• [WORK TASK]
The part below that opens with the line containing "Con la lusinghiera" and closes with the line containing "Протестировано и одобрено ЦРПТ" should be copied exactly, minus any pictures.

• [MATERIAL FOR THE TASK]
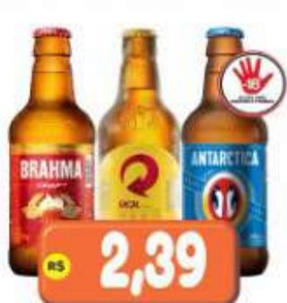
CERVEJA BRAHMA, SKOL OU ANTARCTICA RET. 300ML
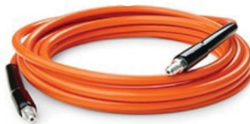
Dây dẫn nước làm mát
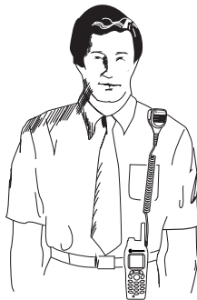
Figura 1. Utilização do Acessório

Para obter um óptimo desempenho do RSM, utilize o rádio e o RSM de modo a que o cabo do acessório não passe por cima nem toque na antena. Além disso, tente usar a combinação do rádio e acessório muito próximos um do outro para evitar tensão na ficha acessória.
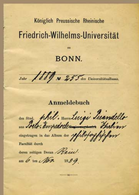
Luigi Pirandello, Libretto universitario, 1889-1891.

Con la lusinghiera lettera di presentazione del suo professore romano si presenta a Wendelin Foerster, insigne professore di filologia romana all'università di Bonn il 12 novembre e inizia a frequentare il primo corso semestrale.
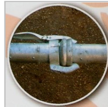
Unión rápida PEROT
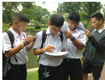
รูปที่ 6. เก็บแบบสอบถาม ณ สวนสราญรมย์
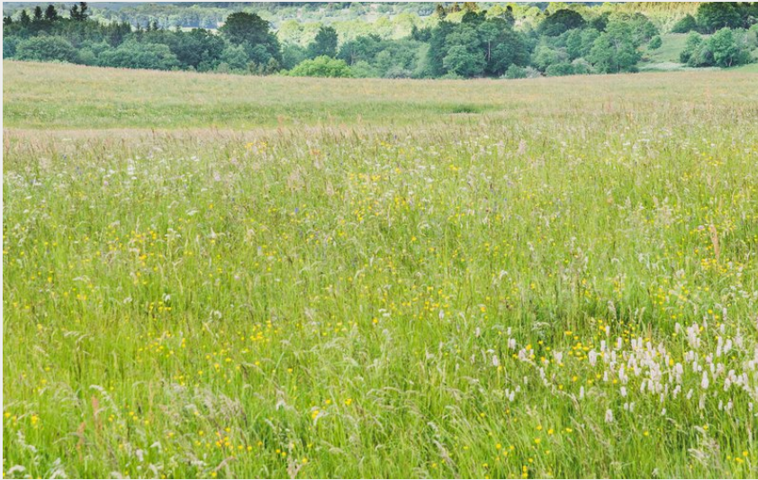
Vue sur la partie Sud du massif du Sancy (Eve Hilaire)
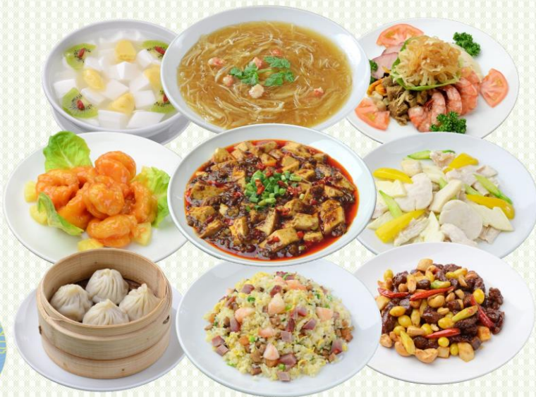
写真は4名様分のイメージです
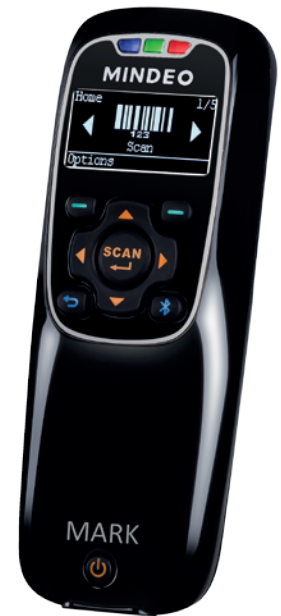
Протестировано и одобрено ЦРПТ

Под управлением CITYSOFT Lite Mindeo MS3690 Mark может осуществлять обмен данными с 1С и другими товароучётными системами. Программное обеспечение поддерживает все процессы маркировки и отслеживания в товароучётной системе.

• [PROBLEM SOLUTION]
Con la lusinghiera lettera di presentazione del suo professore romano si presenta a Wendelin Foerster, insigne professore di filologia romana all'università di Bonn il 12 novembre e inizia a frequentare il primo corso semestrale.
Unión rápida PEROT
รูปที่ 6. เก็บแบบสอบถาม ณ สวนสราญรมย์
Vue sur la partie Sud du massif du Sancy (Eve Hilaire)
写真は4名様分のイメージです
Протестировано и одобрено ЦРПТ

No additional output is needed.